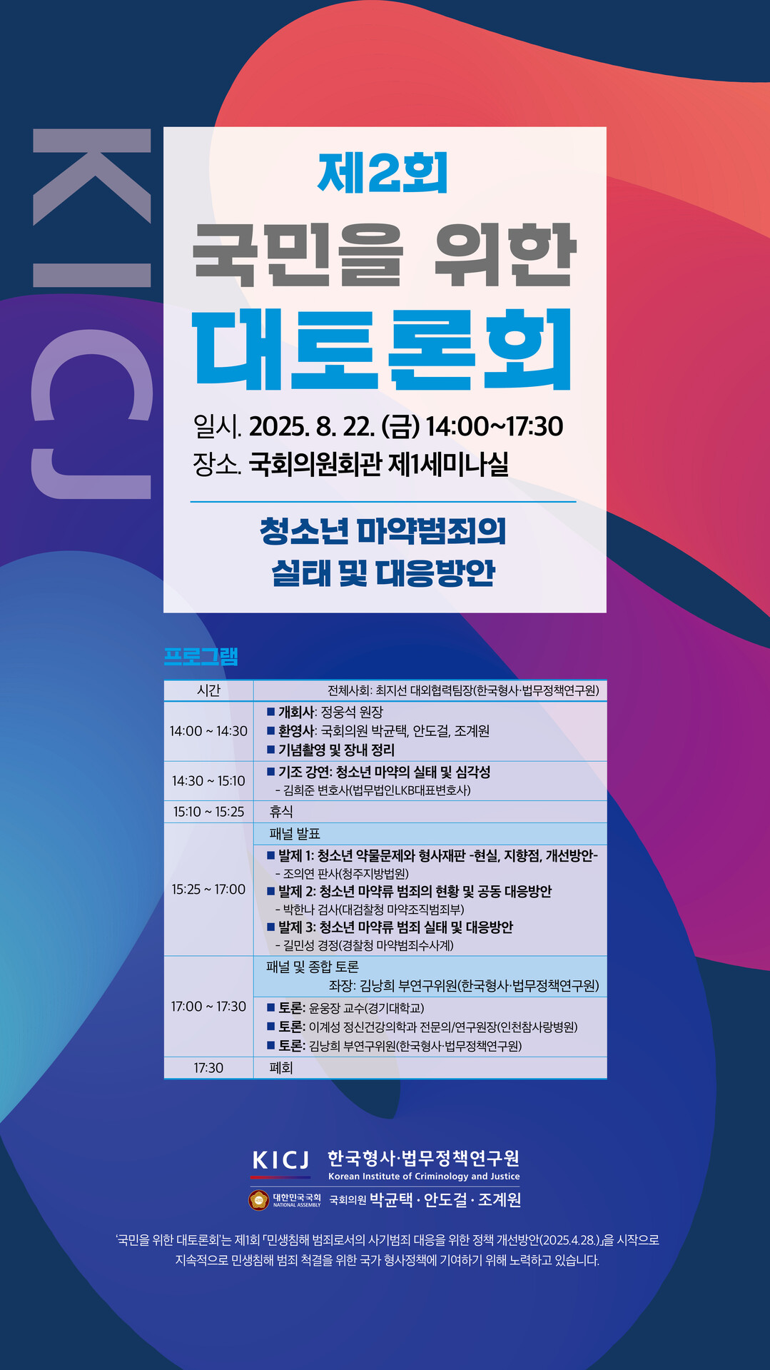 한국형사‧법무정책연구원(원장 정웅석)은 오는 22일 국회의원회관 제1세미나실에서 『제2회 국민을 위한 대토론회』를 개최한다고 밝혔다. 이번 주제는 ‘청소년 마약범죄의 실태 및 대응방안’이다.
──────
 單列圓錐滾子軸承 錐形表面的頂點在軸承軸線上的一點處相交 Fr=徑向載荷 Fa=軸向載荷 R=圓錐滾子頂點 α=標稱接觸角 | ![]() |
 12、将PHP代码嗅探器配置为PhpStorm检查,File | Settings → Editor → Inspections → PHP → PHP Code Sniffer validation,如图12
──────
_Your assignment_:
Every line above from the line with "單列圓錐滾子軸承 錐形表面的頂點在軸承軸線上的一點處相交 Fr=徑向載荷" to the line with "12、将PHP代码嗅探器配置为PhpStorm检查,File | Settings" is wanted, ends included; write them out exactly and add no other line.

_The answer_:
 單列圓錐滾子軸承 錐形表面的頂點在軸承軸線上的一點處相交 Fr=徑向載荷 Fa=軸向載荷 R=圓錐滾子頂點 α=標稱接觸角 | ![]() |
 12、将PHP代码嗅探器配置为PhpStorm检查,File | Settings → Editor → Inspections → PHP → PHP Code Sniffer validation,如图12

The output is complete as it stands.